The English speaking woman told us of her daugther whose husband ran off with another woman and how she remarried a man from Dalat, moved there, and left her son to live with his grandmother. At some point during the night, the 17 year old pulled out her phone, dialed and handed the phone to the child. A huge smile materialized on his little dirty face and his eyes lit up with the life of love. His grandmother confirmed our suspiscion when she whispered to us that he was speaking to his mother. For the rest of the night, the brightness of that full and innocent smile never faded.

Eventually the night had worn on too long, and although Adrian and I were appreciative of the family's hospitality and warmth, we were ready to escape the long awkward pauses in conversation due to the language barrier. We thanked our hosts and promised to return if we ever came back to Kon Tum.

The next day Adrian drove north and east back to the coast and I stayed an extra day to rest in Kon Tum. I read for hours, slept for hours, spent hours on the internet, and only minutes driving through other adjacent villages. Truthfully I didn't return to the village from the night before because I didn't want to brave the inevitable awkwardness of the encounter alone.
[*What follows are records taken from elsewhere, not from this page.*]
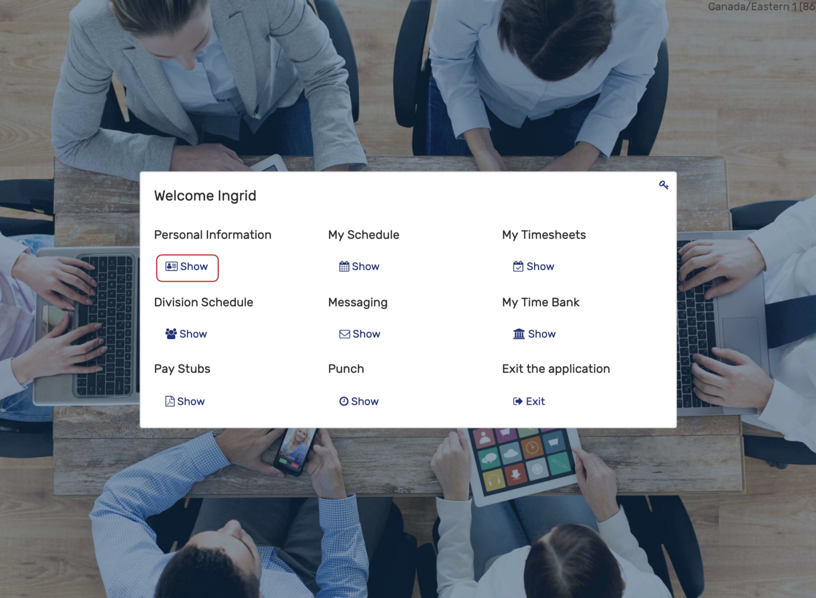 Schedule My Schedule To view your work schedule, click Show under My Schedule on the main menu. To see more detail for a shift, click on the hours displayed for that shift. The calendar is displayed by month and you can scroll ahead or back using ...
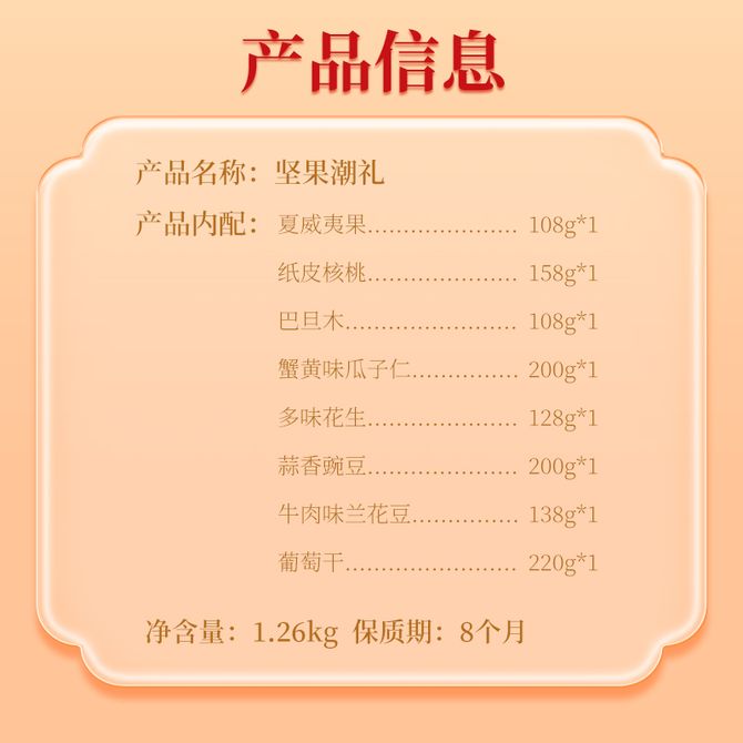 鲜记/xianjee 坚果潮礼 礼盒1260g 休闲坚果零食果干 过年年货送礼大礼包 鲜记 坚果潮礼 礼盒1260g 兑换价格 3100 里程 会员卡别 终身白金卡 白金卡 金卡 银卡 普通卡 儿童卡 服务 由 民敬食品专营店 发货并提供售后 规格: 礼盒 购买数量: 件 库存件 配送地址: 立即购买 加入购物车 成功添加到购物车 关闭 购物车共有 种商品 总金额为: 组合销售 产品介绍 产品规格 售后服务 产品咨询 发现好货 西域美农 新疆薄皮核桃500g/袋 新疆特产原味 薄皮核桃 1300 里程 西域美农 烘焙腰果200g 坚果特产 休闲零食 带皮腰果仁 1600 里程 味滋源 紫皮腰果2袋装 每袋100g 1100 里程 沃隆每日坚果(A)175g盒装 1700 里程 百草味 坚果炒货夏威夷果100g*1袋 1100 里程
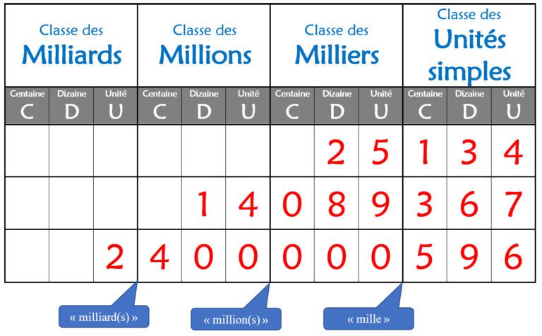 - Dans un nombre, les chiffres sont rangés par classes : unités simples / milliers / millions / milliards / etc.
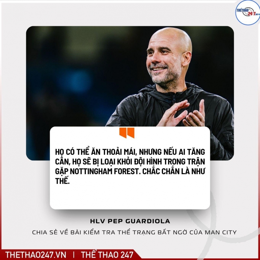 Pep Guardiola said: "As soon as they come back after three days off, I want to see how they return. They can eat, but I want to monitor them. I have to select the squad for the game against Nottingham Forest. Imagine a player who was in perfect shape but comes back three kilos heavier? He will stay in Manchester. He will not play, that’s for sure."- Pep Guardiola confirmed.
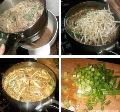 *boiling, add-ins, scallions and draining the broth in bowl.
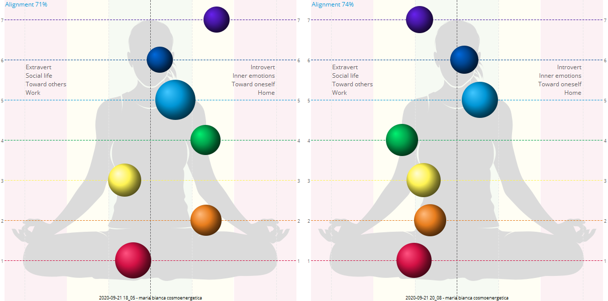 Fig. 5 Poziționarea centrilor energetici (chakre conform medicinei indiene ayurveda) se îmbunătățește, indicele de simetrie crește de la 71 la 74%).
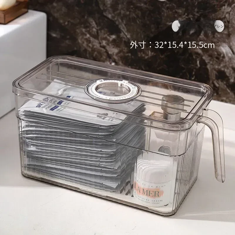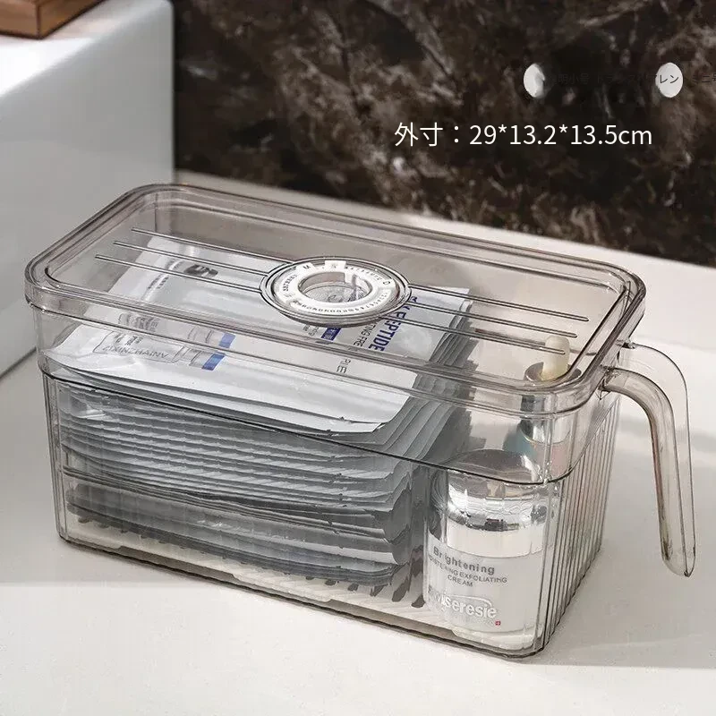 【低型-冷蔵庫に入れられる】透明タイマー付きフェイスマスク収納ボックス-WG-7048

Getting up at dawn the next morning, I made the long drive out to Hoi An on Vietnam's coast. This day's ride was the longest and most incredible of my journey. First the road wound us through a number of villages each with a large steep-roofed town hall staring down at me as I cruised by.

Typical village town hall. This one is near Kon Tum.


Then I ascended up into the clouds of a high mountain pass. For half an hour visibility fell to a dozen feet and I weaved slowly around the switchbacks honking my horn to warn nearby motorists and pedestrians of my presence. After the slow descent out of the cold fog, and long after I had donned both my pairs of pants, a hat, my new gloves and many layers of shirts and jackets, I turned east onto a small road that would take me to the coast. The scenery only became more spectacular.

The foggy haze gave way to vistas of high mountains encased in a thick shell of lush green jungle. Grey rivers flowed swiftly nearby, racing me towards the lowlands of the coast. As I descended lower, the narrow road itself eventually became enveloped in the jungle. For kilometers on end I cruised through the cool shade and moist but quickly warming climate of the surrounding greenery.


View from the Ho Chi Minh Road north of Kon Tum after I had descended from the cloudy mountains seen at the top of the picture.




Penelope posing on the side of a bridge on my way to Hoi An.





Another landscape from the same day's ride.





The town where I ate lunch. "Com" means rice and all I have to do to eat is stop at a small place with this sign outside.


Varied and sustained views ruled the day and won me over. A smile firmly rooted on my bearded face, I cruised the Ho Chi Minh Road and its tributaries, in search of exactly nothing else. This ride was to be the climax of my motorbike trip through Vietnam.














Random:



A fat dog in Hoi An. Don't worry. It was still alive at the time of the picture.



4 comments:

Anonymous said...

i don't like keeping my monkey on a leash

Anonymous said...

keep up the good work....the stories with the pictures are nice. youre doing well

Anonymous said...

Have you checked Penelope's fuel filter? Probably why it won't keep running.
What did the 17 year old look like? She would probably be a very tolerant and obedient wife.

The Beautiful Game said...

canada is broken up into provinces, classic!